In use, the device 40 is submerged and water is then caused to flow along the main passage 42 as indicated by the arrows in Figure 4. The water flowing through the passage portion 48 and through the jet 52 and venturi unit 50 create a back pressure in the region 59. This causes air to be drawn in through the passage 53 and duct 56 from the atmosphere. The air is thus introduced into the water flowing through the venturi unit 50 in the form of air bubbles which are thereby passed into the body of water in which the device 40 is submerged through the outlet of the venturi unit 50.

In those embodiments of the present invention where water or other liquid to be aerated is also used as the source of fluid for pumping through the aeration devices, blockages can occur where the water or other liquid is in the form of sludge or is otherwise contaminated. Accordingly, air rather than water or liquid is pumped through the devices 10 via supply hoses. Air for this purpose is supplied by an air compressor or blower with appropriate selection of the venturi unit and jet to ensure that atmospheric air is introduced through the ducts in the same manner as previously described.

In aquiculture situations it is preferred that the source of air is provided by a blower which introduces atmospheric air into the supply hoses. Atmospheric air is preferred in these situations as compressors can sometimes introduce contaminants into the body of water. Frictional losses with compressed air are also higher. With the use of air blowers, the system is suitable for use in remote locations where power may be provided by solar energy.

The device of the invention may be made in any size to suit the water or other liquid body in which it is used. Preferably the device is made of a plastics material and is particularly suited to injection moulding. The device may be used in any liquid environment including salt water, effluent and other chemical-contaminating environments. The present invention thus provides an aeration device which is durable, long lasting with no moving parts and requires little maintenance.

Whilst the above has been given by way of illustrative embodiment of the invention, all such modifications and variations thereto as would be apparent to persons skilled in the art are deemed to fall within the broad scope and ambit of the invention as defined in the following claims.

Claims

1. An aeration device comprising a housing adapted to be submerged in a body of liquid, said housing including a flow means to allow flow of a first fluid therethrough wherein said flow means includes entrainment means for entraining a gaseous fluid into said first fluid for subsequent introduction into said liquid.

2. A device as defined in Claim 1 wherein the entrainment means for introducing the gaseous fluid into the flow means includes means for creating a back-pressure in the flow means.

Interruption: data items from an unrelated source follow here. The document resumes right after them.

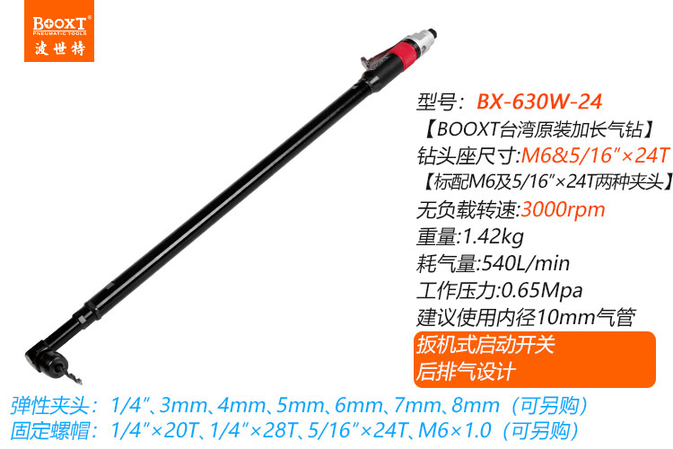東莞市強勁五金工具有限公司提供臺灣BOOXT波世特品牌氣動工具,特加長螺牙柄氣動鉆BX-630W-24廠家直銷,首件享特價。咨詢熱線:4008301980
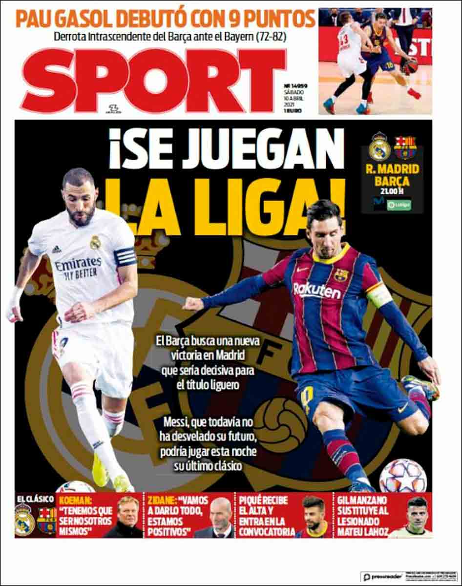 Sport repite en su portada a los protagonistas (Benzema y Messi) que también eligió Marca. Pero lo que más llama la atención es la parte superior. Resaltan que debutó Pau Gasol con el Barcelona de baloncesto, hecho del cual nos alegramos muchos madridistas porque admiramos a Pau como deportista y como persona, pero indican: “Derrota Intrascendente del Barça ante el Bayern (72-82)”. Vamos a ver, intrascendente no define como merece a esa derrota. El Barcelona no compitió, hay que decirlo claro. Y no compitió por miedo a un Real Madrid de baloncesto esquilmado que ha sufrido aún más infortunios que el de fútbol. Es un hecho deleznable la falta de respeto que ha mostrado el Barcelona por la competición, convirtiendo el partido contra el Bayern en una pantomima.
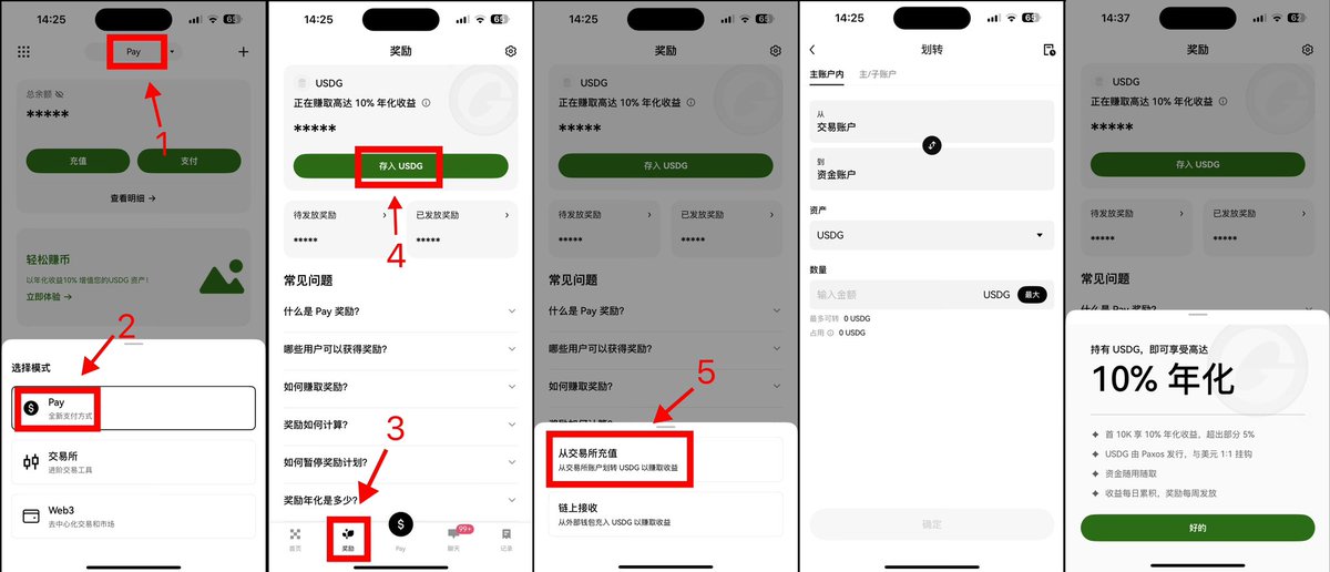 存入路径 OKX顶部切换——OKX Pay —— 奖励 ——存入USDG
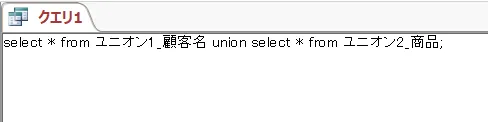 select * from ユニオン1_顧客名 union all select * from ユニオン2_商品;

3. A device as defined in Claim 1 or Claim 2 wherein means is provided for communicating the flow means with the atmosphere of the surrounding environment such that the back pressure created in the flow means draws in gaseous fluid from the atmosphere into the flow means and the first fluid flowing therethrough.

4. A device as defined in any one of Claims 1 to 3 wherein the flow means comprises a single passage in said housing through which said first fluid flows.

5. A device as defined in Claim 4 wherein the single passage includes the entrainment means.

6. A device as defined in any one of Claims 1 to 3 wherein the flow means comprises a first passage for flow of the first fluid therethrough and at least one second passage intersecting the first passage so that a proportion of the first fluid flowing into the first passage flows through said second passage

7. A device as defined in Claim 6 wherein the second passage includes the entrainment means.

8. A device as defined in Claim 6 or Claim 7 wherein the second passage extends at substantially 45° to the first passage.

9. A device as defined in any one of Claims 6 to 8 wherein the device includes more than one of the second passage adapted such that flow of fluid through the first passage is such that flow output occurs in a number of different directions.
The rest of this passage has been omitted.